Prior was sitting beneath the windows at the far end of the room, looking out over the tennis courts, his face and hands bluish in the dim light. Rivers was tempted to withdraw immediately, but then something about the isolation of the small figure under the huge windows made him pause. ‘Don’t you want to see the film?’
‘I couldn’t stand the smoke.’
He was wheezing very badly. Rivers went across to the window and sat beside him. Housemartins were weaving to and fro above the tennis courts, feeding on the myriads of tiny insects that were just visible as a golden haze. He watched them cut, wheel, dive— how skilful they were at avoiding collision — and for a moment, under the spell of the flickering birds, the day’s work and responsibility fell away. But he couldn’t ignore Prior’s breathing, or the whiteness of the knuckles where his left hand gripped the chair. He turned and looked at him, noting the drawn, anxious face. ‘It’s bad, isn’t it?’
‘Bit tight.’
Prior was bent forward to help the expansion of his lungs. Looking at him now, Rivers could see the straightness of the shoulders, the surprising breadth of chest in a delicately built man. Once you knew it was obvious. But why nothing on the file?
‘I gather you met my father,’ Prior gasped. ‘Quite a character.’
‘He seemed to be a man of strong views.’
Prior’s mouth twisted. ‘He’s a bar-room socialist, if that’s what you mean. Beer and revolution go in, piss comes out.’ He attempted a laugh. ‘My mother was quite concerned. “He’ll be down there effing and blinding,” she said. “Showing us all up.”’
‘I liked him.’
‘Oh, yes, he’s very likeable. Outside the house. I’ve seen him use my mother as a football.’ The next breath screeched. ‘When I was too little to do anything about it.’
‘You know, I think I ought to have a look at that chest.’
Prior managed a ghostly imitation of his usual manner. ‘Your room or mine?’
‘The sick bay.’
The walk along the corridor to the lift was painfully slow.
‘I didn’t want you to meet him,’ Prior said, as Rivers pressed the button for the second floor.

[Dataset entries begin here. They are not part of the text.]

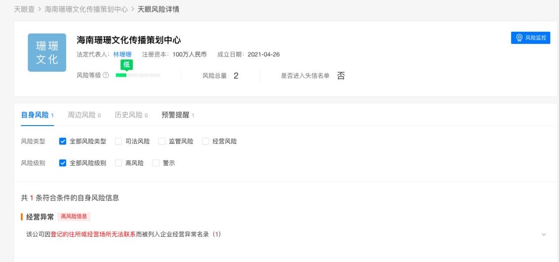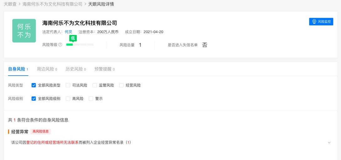 在此次摸清行动中,界面海南发现亦有多家网红及明星在海南注册的企业因“通过登记的住所或者经营场所无法联系”而被列入经营异常。界面海南通过天眼查App发现,在列入经营异常的网红明星中,不仅有因偷税漏税而频上热搜的网红林珊珊个人独资企业的海南珊珊文化传播策划中心,亦有湖南卫视知名主持人何炅出资的海南何乐不为文化科技有限公司,演员魏大勋间接持股99%的海南恒立影视文化传播有限公司,演员江一燕与钟文玉共同持股的爬行者文化创意(海南)有限公司等。
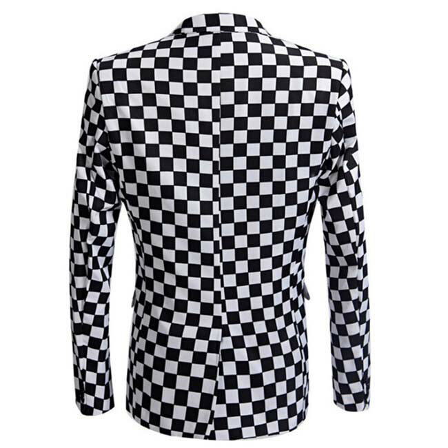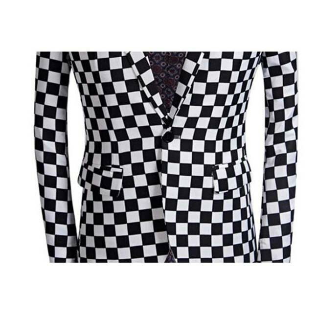 ステージ衣装 メンズ スーツ 上下2点セット 男性用 黒白 市松模様 格子柄 パンツスーツ 忘年会 新年会 ダンス衣装 カラオケ 舞台衣装 記念撮影 ハロウィン 衣装
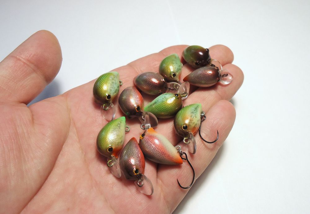 Приветствую мастеров клуба Стриборг! Кренки 23 и 25 мм. S. 2,4 и 2,8 грамм. (По мотивам редкого сегодня японца Bassday Kangoku Crank 27S BS (тонущий). Маленькая экспериментальная партия. Двух самых удачных использовал для приспособлений, для более-менее точного копирования, потом. Материал: твердый пенополистирол. которому 30-40 лет. Арматура: проволока 0,8 сплав титана (у приятеля на внешн. стене баньки висела, десятилетиями, в лесной глуши, на пасеке, я увидел - ну и "отжал" "немножко")). Легкая, гибкая. Огрузка: дробинки свинцовые (примерно 4 и 5 мм). Лопасть: поликарбонат 2 мм. Клей, защитные слои, эпоксидные смолы. Краски: нитроэмали. Лак, финишный лак: стойкая к УФ смола эпоксидная (ювелирка). Для лета, середины лета, голавликов из под завалов, приямков выманивать. Колечки, крючки: для проверки на реке - произ-во Китай, (крючки 200 рублей за 200 штук. Но понять их пока не могу - изготовлены на вид качественно, не разгибаются, не хрупкие, но то реализация поклевок спортивных голавликов 100% за день, то 10%, через неделю)), возможно, что руки кривоваты)).
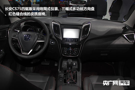 內(nèi)飾方面,長(zhǎng)安CS75四驅(qū)版采用炮筒式儀表、三幅式多功能方向盤(pán)、紅色縫合線的皮質(zhì)座椅。而檔桿后方相比兩驅(qū)版車(chē)型增加了一個(gè)在兩驅(qū)和四驅(qū)中轉(zhuǎn)換的按鈕。

‘No, I know you didn’t. I could hardly refuse.’
‘I’m not blaming you.’
‘Is it a question of blame?’
While the nurses made up the bed, Rivers examined Prior. He’d expected Prior to be impossible, but in the event he became strictly impersonal, gazing over Rivers’s shoulder as the stethoscope moved across his chest. ‘All right, put your jacket on.’ Rivers folded the stethoscope. ‘I’m surprised you got to France at all with that.’
‘They couldn’t afford to be fussy.’ Prior started the long climb into the bed. ‘I won’t be moved to another hospital, will I?’
‘No, I shouldn’t think so. Four doctors, thirty nurses. I think we might manage.’
‘Only I don’t want to be moved.’
Rivers helped him to pull up the sheets. ‘I thought you didn’t like it here?’
‘Yes, well, you can get used to anything, can’t you? Do you think I could have a towel tied to the bed?’
‘Yes, of course. Anything you want.’
‘Only it helps, you see. Having something to pull on.’
‘What was it like in France? The asthma.’
‘Better than at home.’
A shout of laughter from below. Charlie Chaplin in full swing. Rivers, following Prior’s gaze, saw the single lamp and the deep shadows, and sensed, with a premonitory tightening of his diaphragm, the breath-by-breath agony of the coming night. ‘I’ll see about the towel,’ he said.
He saw Prior settled down for the night. ‘I’ll be along in the morning,’ he said. Then he went to Sister’s room next door and left orders he was to be woken at once if Prior got worse.
Sassoon woke to the sound of screams and running footsteps. The screams stopped and then a moment or two later started again. He peered at his watch and made out that it was ten past four.